Минуту назад трепетавшая от ужаса, теперь она дрожала от гнева, сверкая расширенными, как будто еще больше потемневшими очами. Слова ее, однако, пробудили злость и в сидящем напротив мужчине: Феб, Феб – один лишь Феб! Снова она говорит об этом солдафоне. Ярость настолько ослепила ревнивца, что он даже не успел осознать, что именно она сказала, рывком откидывая одеяло и притягивая к себе протестующе затрепыхавшуюся девушку.

- Заколол – да, заколол, – быстро зашептал Фролло, крепко удерживая свою жертву и с силой сжимая хрупкие плечи. – И, если ты помнишь, намерен довершить начатое, если ты не прекратишь вспоминать о нем!.. Хочешь, чтобы мальчишка жил, – отдайся мне!

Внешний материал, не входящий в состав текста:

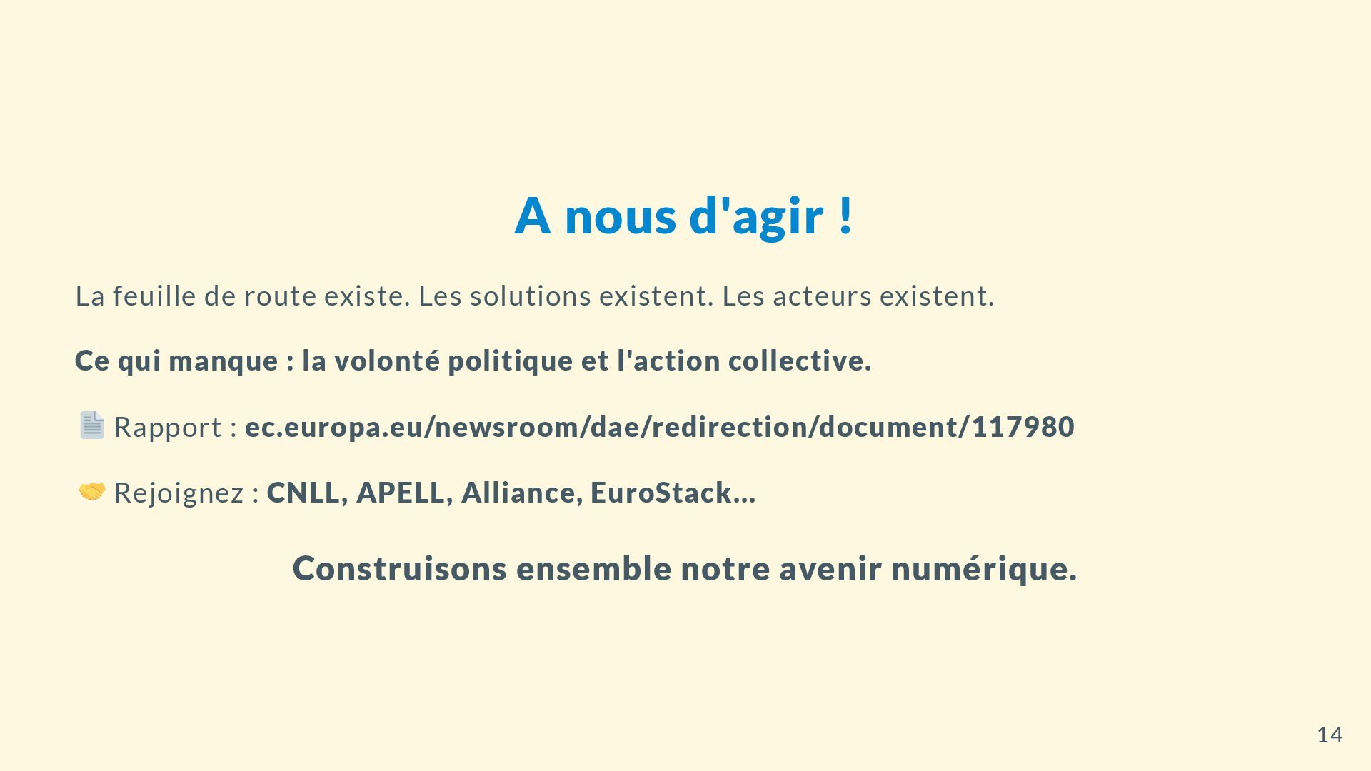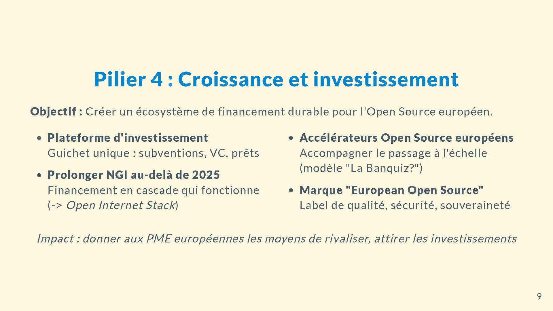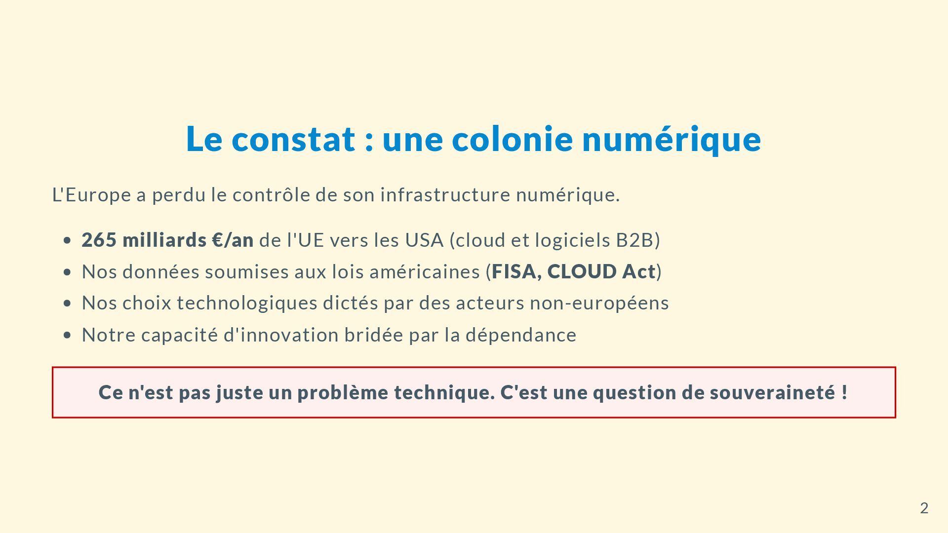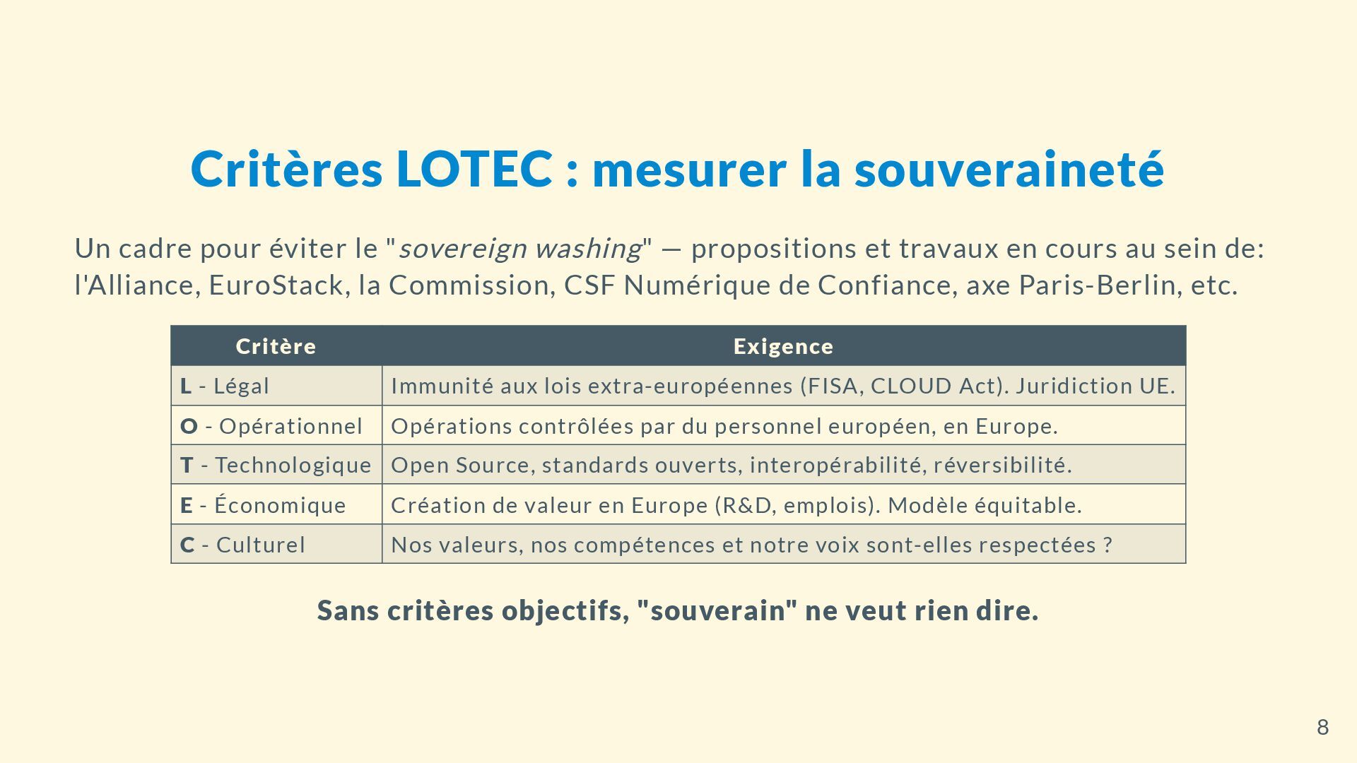 le "sovereign washing" — propositions et travaux en cours au sein de: l'Alliance, EuroStack, la Commission, CSF Numérique de Confiance, axe Paris-Berlin, etc. Critère Exigence L - Légal Immunité aux lois extra-européennes (FISA, CLOUD Act). Juridiction UE. O - Opérationnel Opérations contrôlées par du personnel européen, en Europe. T - Technologique Open Source, standards ouverts, interopérabilité, réversibilité. E - Économique Création de valeur en Europe (R&D, emplois). Modèle équitable. C - Culturel Nos valeurs, nos compétences et notre voix sont-elles respectées ? Sans critères objectifs, "souverain" ne veut rien dire. 8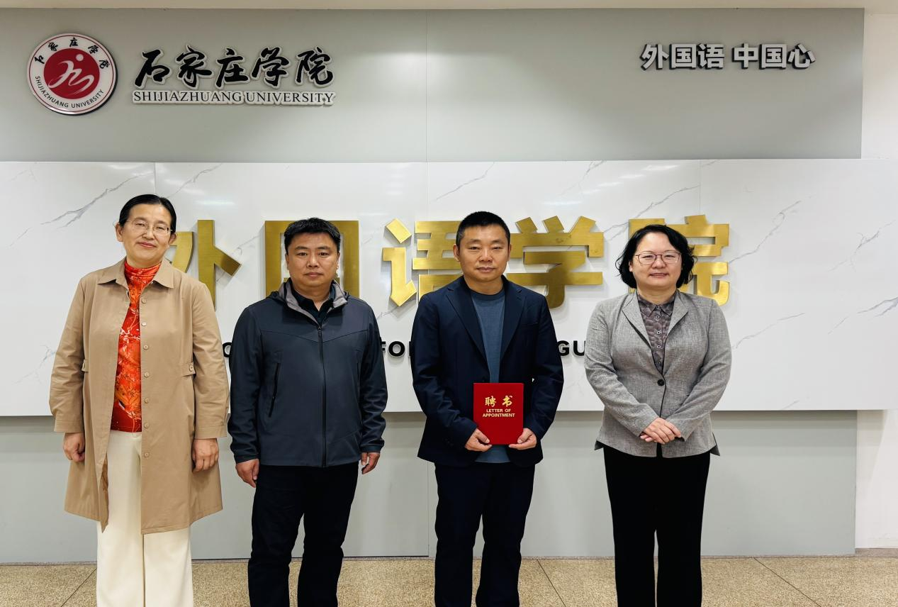参观结束,外国语学院副院长贺宇涛向崔翔勇总经理颁发了石家庄学院外国语学院客座教授聘书,代表学院对他在河北爱德会展和石家庄学院外国语学院校企合作方面所作的贡献表示了肯定和感谢!

Прелестница приглушенно вскрикнула, сделав последнюю отчаянную попытку вырваться, и обмякла, обреченным жестом обхватив себя тонкими ручками. Архидьякон, ничего почти не соображая, всем телом навалился на сдавшуюся пленницу и начал покрывать ее тело жестокими поцелуями. Скользнув под ткань платья, он грубо впился длинными пальцами в нежное бедро, другой рукой заставляя девушку отнять от груди ладони. Та снова попыталась воспротивиться – скорее, инстинктивно, нежели осознанно. Тогда священник, перехватив ее руки своими, буквально пригвоздил жертву к кровати, не позволяя ей уклониться от настойчивых поцелуев и лишая последней возможности защититься от этого бешеного натиска.

Чувствовать под собой извивающееся тело, ощущать ее трепещущую грудь, видеть это прекрасное личико всего в паре дюймов от себя и понимать, что теперь маленькая колдунья полностью в его власти – это опьяняло сильнее самого терпкого вина. Мужчина впился иссушающим поцелуем в манящие уста, сулящие райское блаженство, однако Эсмеральда лишь плотнее сжала губы, не позволяя углубить поцелуй.

- Ты ведь помнишь, что жизнь павлина в блестящем мундире в твоих руках?.. – прошипел палач в самое ее ухо; у нее не было сил ответить, лишь затрепетали длинные ресницы.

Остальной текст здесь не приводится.